Personal information
- Height: 180 cm (5 ft 11 in)
- Playing position: Back

Senior clubs
- Years: Team
- ?–: Oppsal
- 1981–1993: Gjerpen IF

National team
- Years: Team / Apps / (Gls)
- 1979–1990: Norway / 202 / (361)

Medal record
Representing Norway
Women's handball
Olympic Games
| Silver medal – second place | 1988 Seoul | Team |
World championship
| Bronze medal – third place | 1986 Netherlands | Team |

= Hanne Hegh =

Norwegian handball player (born 1960)

Hanne Hegh (born 27 April 1960) is a Norwegian team handball player and Olympic medalist.

==Playing career==
===Club career===
From 1981 to 1993 she played for Gjerpen IF, where she won 9 Norwegian championships. In 1987 she was top scorer in Eliteserien, and was named player of the year in Norway.

===National team===
She made her debut for the Norwegian national team in 1979 against the Soviet Union.
Hanne Hegh was captain on the first Norway national team winning a medal in an international championship, the bronze medal at the 1986 World Women's Handball Championship. She won a silver medal at the 1988 Summer Olympics in Seoul with the Norwegian national team. Hanne Hegh played 202 games for the national team between 1979 and 1990, scoring 361 goals.

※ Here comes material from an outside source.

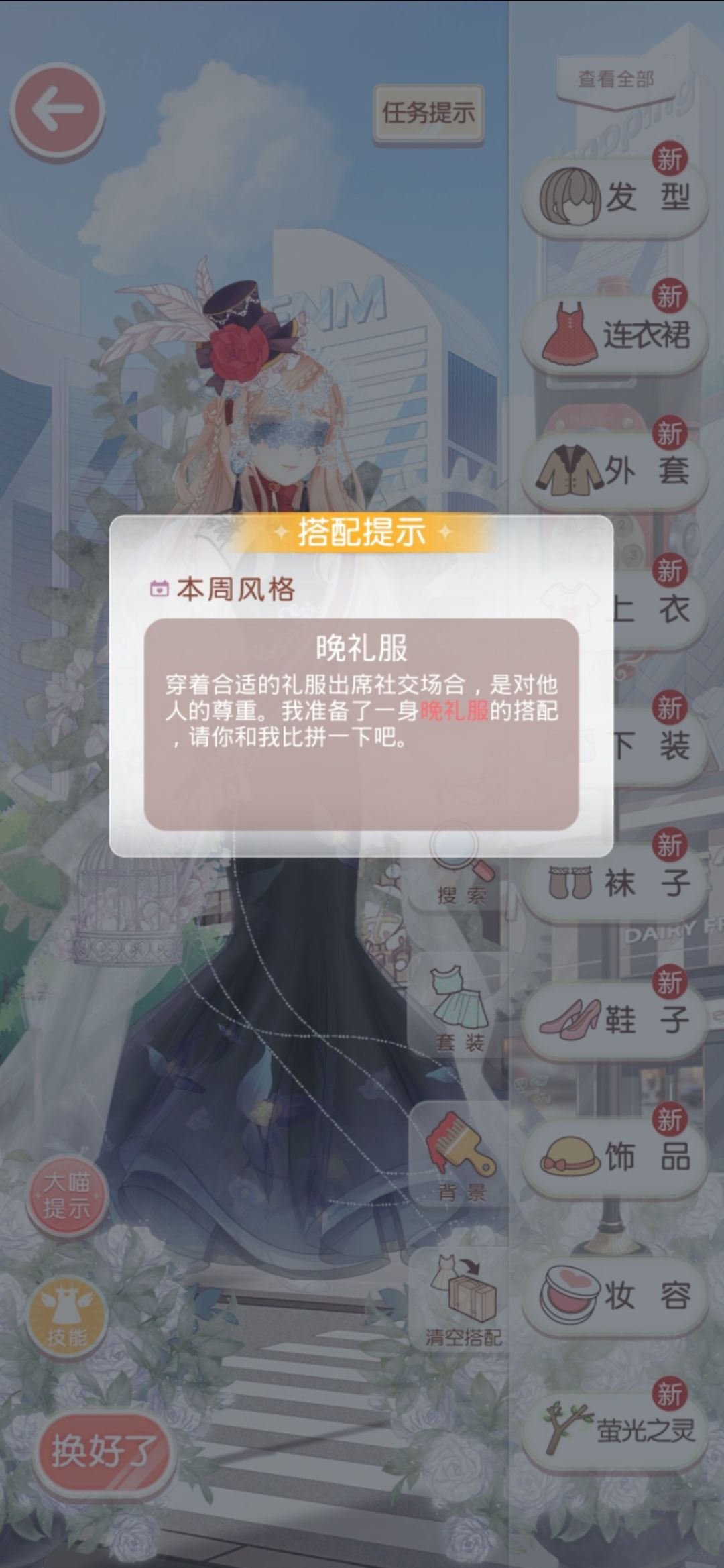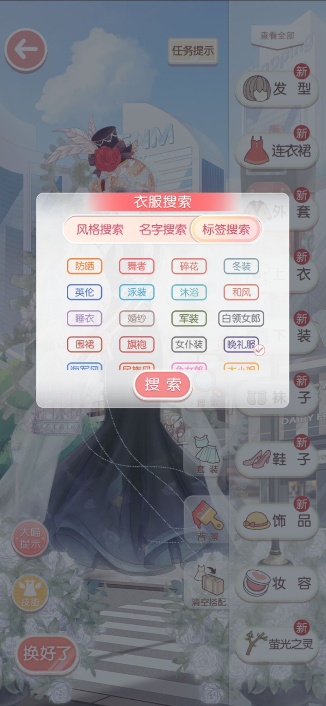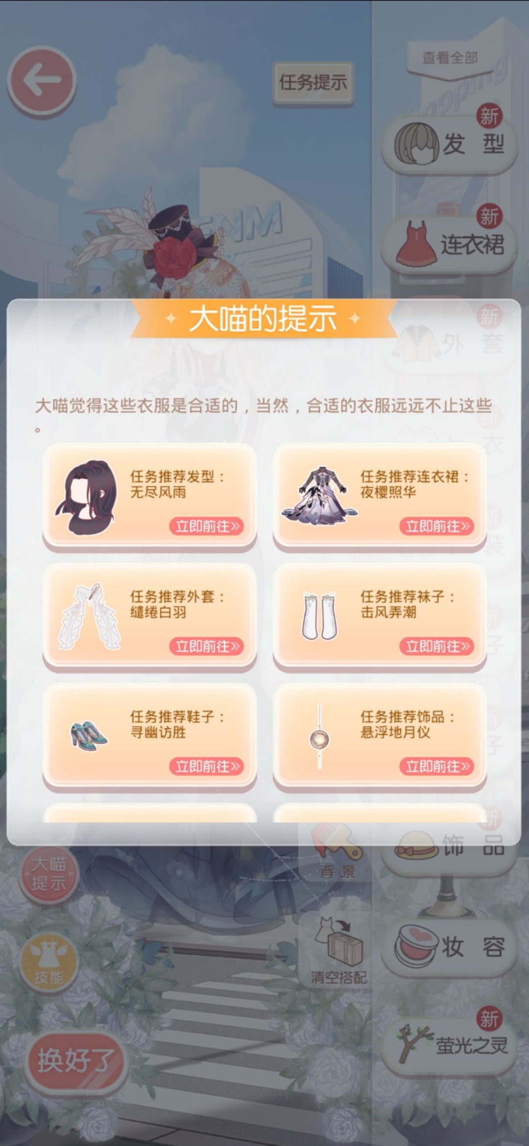 我们先在预设搭配中根据风格提示,选择合适的服装。

===Awards and recognitions===
Hegh was awarded the Håndballstatuetten trophy from the Norwegian Handball Federation in 1998.

==Coach==
She was educated at Norges idrettshøgskole. From 1997 to 2010 Hanne Hegh was on the coaching squad of the Norway men's national handball team. As of 2010 she was a teacher at Grenland Folkehøgskole in Porsgrunn, Norway.

==Personal life==
Hegh was born in Oslo on 27 April 1960. She is the mother of international handball player Emilie Hegh Arntzen.